Put pressure on Mexico to recognize Juan Guaidó as Venezuela’s legitimate president
Now that even Japan and Switzerland — two countries that rarely pick a fight with anybody — have joined the nearly 50 nations that recognize Juan Guaidó as Venezuela’s interim president, an overwhelming majority of world democracies are supporting the restoration of democracy in Venezuela.
The big exception is Mexico. That’s unfortunate, and should draw greater international criticism.
The United States, Canada, Germany, France, Britain, Spain, Sweden, Australia, Brazil, Argentina and Colombia, among many other center-right and center-left democracies, have announced in recent weeks their recognition of Guaidó, and their rejection of Venezuela’s dictator Nicolás Maduro.
Their decision stems from the fact that Maduro is an illegitimate leader: In May 2018, he proclaimed himself re-elected after fraudulent elections. Guaidó, as president of the National Assembly, has been constitutionally empowered by the legislature to take Maduro’s place and convene free elections.
But Mexico’s new leftist President Andres Manuel López Obrador, who took office on Dec. 1, has said that he is “neutral” on the Venezuelan crisis. López Obrador is not even demanding free elections in Venezuela, like his predecessor did.
Even Uruguay, the only Latin American democracy that alongside Mexico had asked for a dubious “national dialogue” in Venezuela, has since sided with the 28-country European Community in calling for free elections in that country.
“Mexico has been left isolated,” former Mexican President Vicente Fox told me in an interview this week. “But most of us in Mexico don’t agree with López Obrador on this. Those of us who believe in human rights and democracy don’t support him on this one.”
Fox scoffed at López Obrador’s contention that Mexico’s tacit support for Maduro is in line with his country’s tradition of “nonintervention” in other countries’ internal affairs. Mexico’s current foreign policy is “terrible, and badly executed,” Fox said.
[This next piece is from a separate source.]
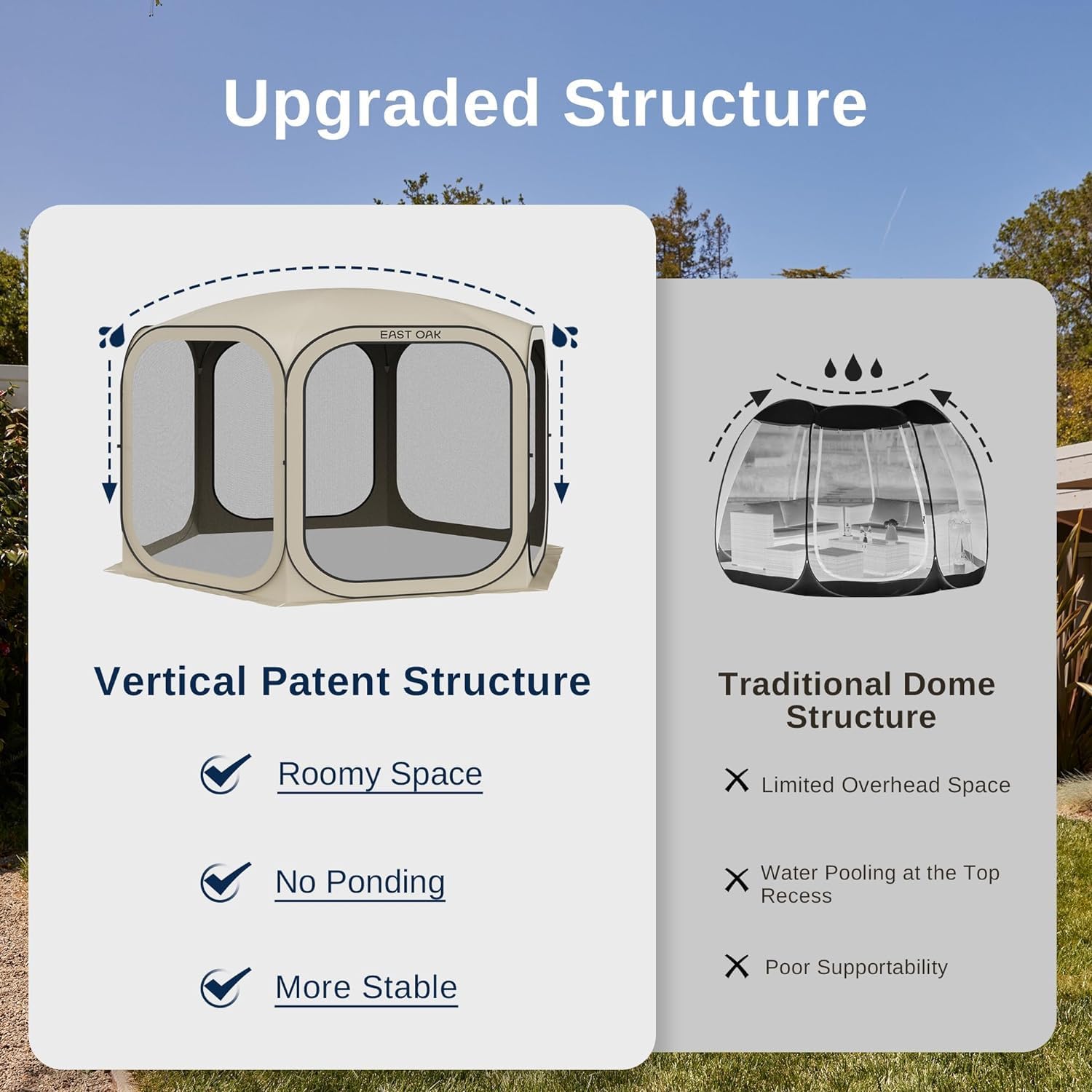- ๐๐ป๐ท๐ผ๐ ๐ฌ๐ผ๐๐ฟ ๐ข๐๐๐ฑ๐ผ๐ผ๐ฟ ๐๐ถ๐ณ๐ฒ: Creating a more comfortable and mosquito-free outdoor space is easy with our EAST OAK screen house. It has a hook on the top to hang a lamp, and a light strip can be wrapped around the edge to increase the brightness for use on the darkest nights. Day to night, this is an absolute must-have for the patio, camping, picnics, parties, backyard, deck, and even kids' parties! NOTE: Pendant lights need to be purchased separately

While the Mexican Constitution’s Article 89 calls for “non-intervention” in other countries domestic affairs, the same article also calls for “the respect, protection and promotion of human rights.” In addition, Mexican presidents have routinely intervened in other countries’ affairs, which led Mexico to break ties with dictatorships in Spain, Chile and Nicaragua.
What’s even more troubling is that López Obrador may be abstaining from demanding free elections in Venezuela for fear that other countries may later ask him to conduct free elections in Mexico, Fox said. “He doesn’t want others to later judge him for his own misdeeds,” the former president told me.
Other critics say López Obrador and leading members of his Morena party have long-standing ties with Cuba and Venezuela. Morena’s leader, Yeidckol Polevnsky, has publicly voiced support for the Cuban and Venezuelan dictatorships.
But there are also more moderate voices within López Obrador’s foreignpolicy establishment who don’t sound like Maduro acolytes.
Senator Hector Vasconcelos, who is very close to López Obrador and heads the Mexican Senate Foreign Relations Committee, told me that there is no special relationship between the Mexican president and Maduro.
“I was responsible for Morena’s foreign relations for nearly 12 years, since it started as a movement and later became a political party, and I can tell you that there never was the slightest contact with the Venezuelan governments of Mr. [Hugo] Chávez and Mr. Maduro,” Vasconcelos said.
He added that, “My personal opinion is that we must judge every situation on its merits and have a certain pragmatism, according to the seriousness of each situation, while maintaining the principle of non-intervention.”
That sounds reasonable, but the problem is that the Venezuelan crisis has reached a level of seriousness that affects not only Venezuelans, but everybody in the region.
More than 3 million Venezuelans have already fled the country, and there could be 10 million refugees over the next four years, according to Luis Almagro, secretary general of the Organization of American States.
It’s time for the world’s democracies to ask Mexico to support democracy in Venezuela. López Obrador should be named and shamed for his tacit support for Maduro, against his own country’s constitution’s mandate to defend human rights.